Holden: [...] Maybe it would have been great if the AIs took over the world. Maybe we’ll build AIs that are not exactly aligned with humans; they’re actually just much better — they’re kind of like our bright side, they’re the side we wish we were. [...]

[... M]aybe alignment is just a really… What it means is that you’re helping make sure that someone who’s intellectually unsophisticated — that’s us, that’s humans — remains forever in control of the rest of the universe and imposes whatever dumb ideas we have on it forevermore, instead of having our future evolve according to things that are much more sophisticated and better reasoners following their own values.

[...]

Holden: I just think AI is too multidimensional, and there’s too many considerations pointing in opposite directions. I’m worried about AIs taking over the world, but I’m also worried about the wrong humans taking over the world. And a lot of those things tend to offset each other, and making one better can make the other worse. [...]

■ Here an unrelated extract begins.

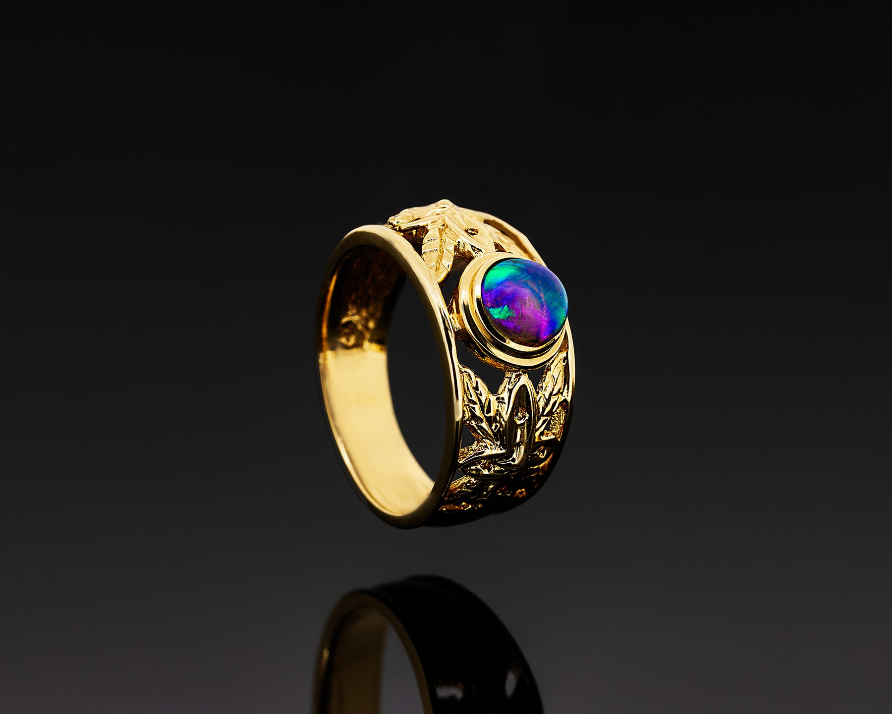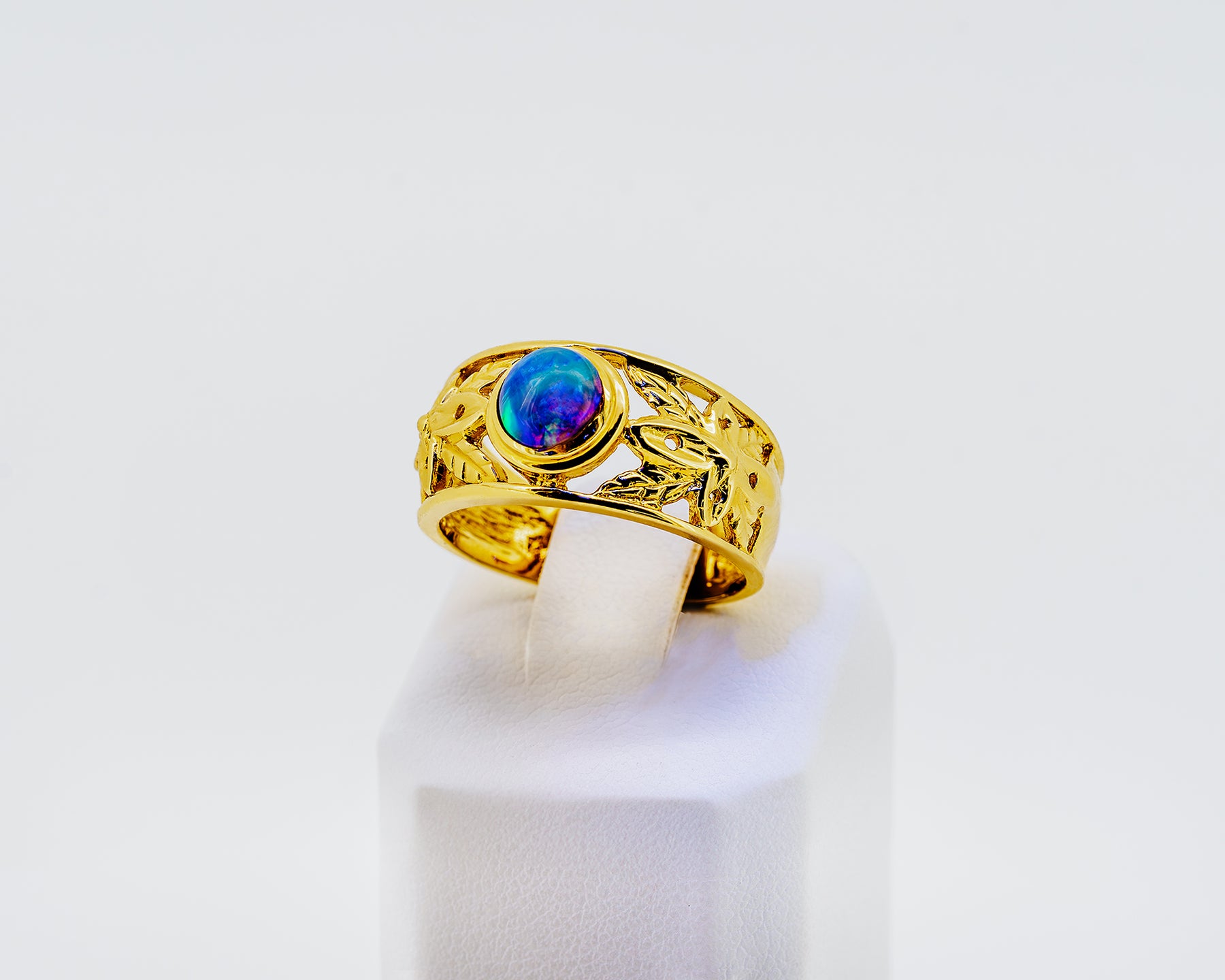 Beautiful and Colourful Round Opal Ring set in 18ct Gold.

[T]here’s also a lot of micro ways in which you could do harm. Just literally working in safety and being annoying, you might do net harm. You might just talk to the wrong person at the wrong time, get on their nerves. I’ve heard lots of stories of this. Just like, this person does great safety work, but they really annoyed this one person, and that might be the reason we all go extinct. 

[...]

Option value in the policy world is kind of a bad concept anyway. A lot of times when you’re at a nonprofit or a company and you don’t know what to do, you try and preserve option value. But giving the government the option to go one way or the other, that’s not a neutral intervention — it’s just like you don’t know what they’re going to do with that option. Giving them the option could have been bad. … you don’t know who’s going to be in power when, and whether they’re going to have anything like the goals that you had when you put in some power that they had. I know people have been excited at various points about giving government more power and then at other points giving government less power.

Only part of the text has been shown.